- Known for: J. Harland Billings Professor of Mechanical Engineering, Drexel University (appointed in 2004)
- Spouse: Nadira Farouk
- Children: Samira Farouk, MD (nephrologist, Mount Sinai Hospital, New York)

Academic background
- Education: B.S., Mechanical Engineering, Bangladesh University of Engineering and Technology (BUET), 1975; M.S. and Ph.D., University of Delaware, 1978 and 1981
- Doctoral advisor: Professor Selcuk Guceri (University of Delaware, 1981)
- Other advisors: Professor Fazle Hussain (University of Houston, 1976)

Academic work
- Main interests: Heat transfer; combustion; numerical methods; turbulence modeling; materials processing

= Bakhtier Farouk =

American engineer

Bakhtier Farouk is an engineer who has been the J. Harland Billings Professor at Drexel University since 2004, and is also a published author. He is a member of the American Society of Mechanical Engineers.

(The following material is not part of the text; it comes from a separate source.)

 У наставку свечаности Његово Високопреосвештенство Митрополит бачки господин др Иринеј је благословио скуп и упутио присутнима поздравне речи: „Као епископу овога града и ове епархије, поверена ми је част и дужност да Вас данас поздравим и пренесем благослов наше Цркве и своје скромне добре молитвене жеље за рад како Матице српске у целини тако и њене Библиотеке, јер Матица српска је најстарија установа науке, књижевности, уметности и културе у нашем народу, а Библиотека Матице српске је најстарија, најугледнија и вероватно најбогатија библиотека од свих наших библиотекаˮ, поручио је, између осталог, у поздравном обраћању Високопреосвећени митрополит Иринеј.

==Education and academic career==
Farouk earned his Bachelor of Science at the Bangladesh University of Engineering and Technology in 1975. He was employed as a lecturer in their Mechanical Engineering Department from 1975 to 1976, and then pursued graduate training with the Mechanical Engineering Department at the University of Houston, Texas in 1976, ultimately earning his Master of Science and Doctor of Philosophy from the University of Delaware in 1978 and 1981. Subsequently, hired by Drexel University's Mechanical Engineering and Mechanics department as an assistant professor, he advanced to the ranks of associate professor and professor, respectively, in 1987 and 1989, and was then appointed as Drexel's J. Harland Billings Professor of Mechanical Engineering in 2004.